For years I penned articles for parenting magazines. While I conducted research and interviewed experts, I also used my daughters’ bedtime routines, imaginary companions or other age-appropriate behavior as anecdotes. The girls were first and foremost my precious children, of course, but sometimes … they were material. 

This is not the case with the grandkids. They are pure pleasure, not only because we can send them home at the end of the day but also because there’s not one published anecdote about them. Unless you count the occasional blog post, of course!

Two Photos

Two Photos

I took a long walk this morning after an early airport run. It felt good to hit the pavement after sending off the Seattle contingent. They live so far away, and I miss them. But they are well on their way now, and the rest of us are back in our homes and routines, too. The week we spent together was full of hikes and paddles and loud, raucous family dinners, and I’m enormously grateful for it.
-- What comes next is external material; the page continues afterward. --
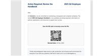 - إشعارات مزيفة من أقسام الموارد البشرية تحث الموظفين على مراجعة أو توقيع مستندات مزيفة متعلقة بالعمل مثل جداول الإجازات، أو الاطلاع على قوائم الموظفين المفصولين، لكنها توجههم في الحقيقة إلى مواقع لسرقة بيانات تسجيل الدخول.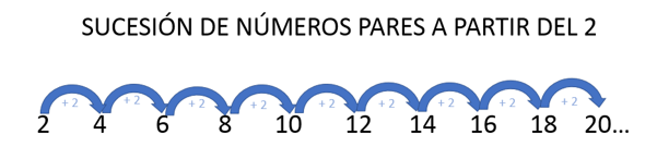 Observa los primeros diez términos que forman la sucesión de números pares.

If today I’m a little sad knowing it’s over, that’s part of it, too, like the rise and fall of breath and tides. I tell myself that it could easily not have worked out at all. There were the schedules of eight adults to juggle, to say nothing of baby nap times, feedings and gear. 

I snapped the top photo after everyone else had left the house, amazed that it could end up looking like it had in the website pictures once we’d packed up and moved out. But I’d rather remember it like this:

On the Lake

On the Lake

There’s at the lake and there’s on the lake. And what a difference between the two. Being at the lake can also mean being in the woods or on a walk or hanging with the family in an A-frame across the road. 
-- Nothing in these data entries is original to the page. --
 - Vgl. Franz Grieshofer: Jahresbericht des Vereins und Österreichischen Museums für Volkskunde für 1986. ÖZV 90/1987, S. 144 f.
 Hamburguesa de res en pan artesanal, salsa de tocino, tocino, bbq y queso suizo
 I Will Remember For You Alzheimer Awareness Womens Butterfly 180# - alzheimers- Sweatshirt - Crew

Being on the lake is being immersed in water and wake, paddle and foam.  It’s kayaking up and down Red Run Cove, saying hello to folks in other boats or on the shore, listening to snippets of conversation about the invasive grasses that are mucking up motor boat propellers. 

Once in the middle of the lake, I put my oar across my knees and feel the sun on my face. I think about the trip, which ends today. There was a lot of packing and organizing to get us here. There’ll be a lot of packing and organizing to get us home. It was worth every minute of it.

At the Lake

At the Lake

A laptop that’s been off for more than two full days. Dinner for eight every night. A new place with new routines. Must be on vacation.

Here at the lake it’s 20 degrees cooler than home — and with two babies and two dogs, quite a bit more lively.

Two of us are working, two just left for a walk, two of us are napping (the under-one crowd) and the rest are figuring out what we’ll do next. 

It’s August … and the world is now this cottage near a lake.